╭─ Dataset extract
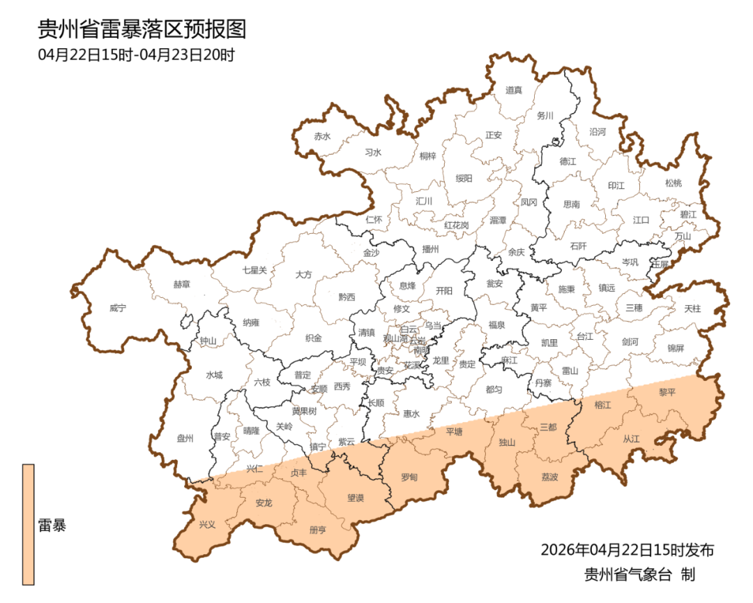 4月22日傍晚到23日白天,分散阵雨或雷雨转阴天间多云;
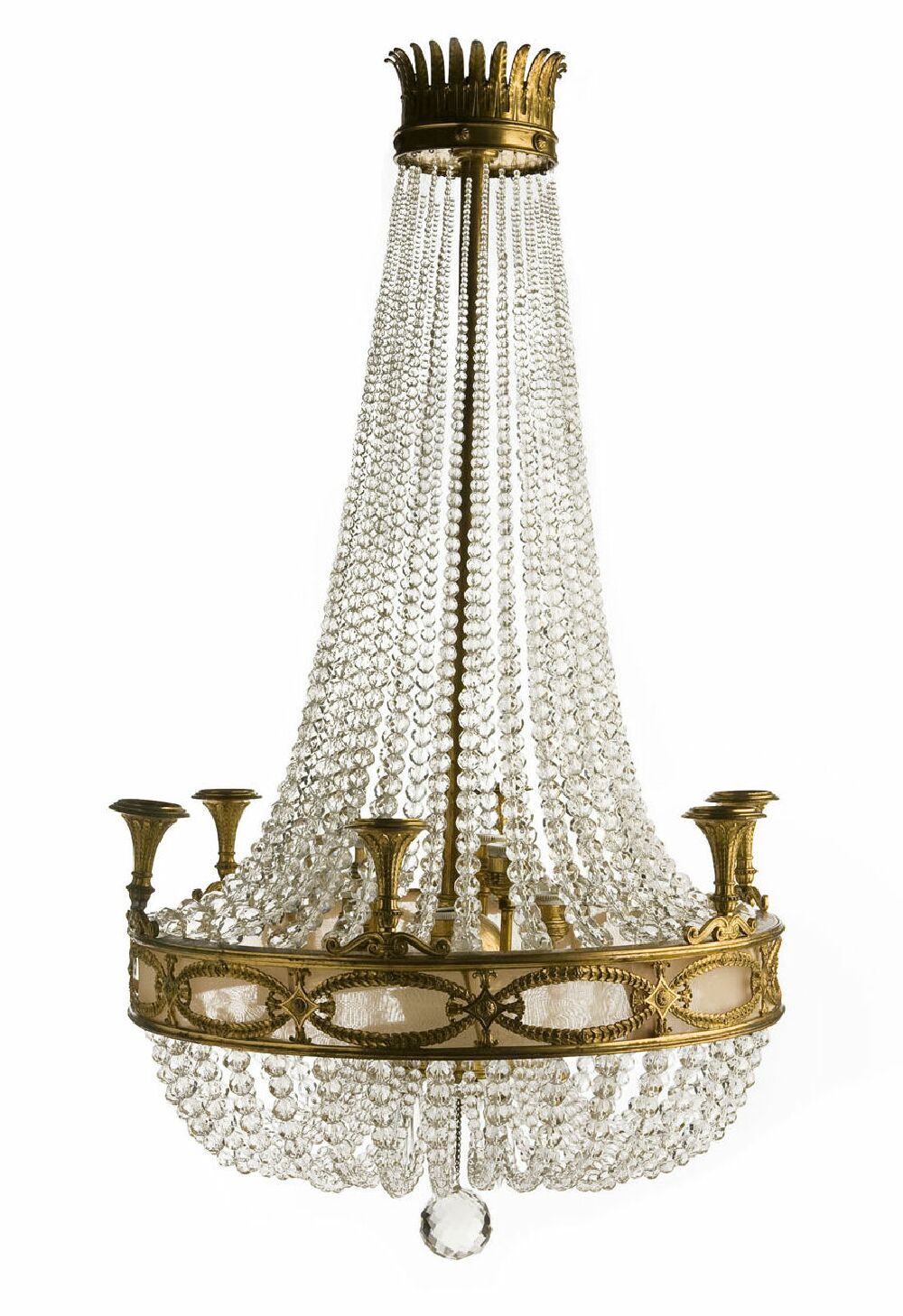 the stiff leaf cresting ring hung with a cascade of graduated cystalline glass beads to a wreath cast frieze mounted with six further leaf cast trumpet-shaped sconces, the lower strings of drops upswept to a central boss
╰─
╭─ Dataset extract
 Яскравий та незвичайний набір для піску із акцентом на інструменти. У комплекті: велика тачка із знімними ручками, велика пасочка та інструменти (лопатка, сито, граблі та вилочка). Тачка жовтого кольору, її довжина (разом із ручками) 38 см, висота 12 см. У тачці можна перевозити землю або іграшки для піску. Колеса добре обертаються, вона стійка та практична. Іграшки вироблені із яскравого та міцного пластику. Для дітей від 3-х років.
╰─
- **Assignment**:
Above are the records. Copy word for word only their lines from the one holding "4月22日傍晚到23日白天,分散阵雨或雷雨转阴天间多云;" through the one holding "the stiff leaf", both included, and skip the images.

- **Exercise response**:
 4月22日傍晚到23日白天,分散阵雨或雷雨转阴天间多云;
 the stiff leaf cresting ring hung with a cascade of graduated cystalline glass beads to a wreath cast frieze mounted with six further leaf cast trumpet-shaped sconces, the lower strings of drops upswept to a central boss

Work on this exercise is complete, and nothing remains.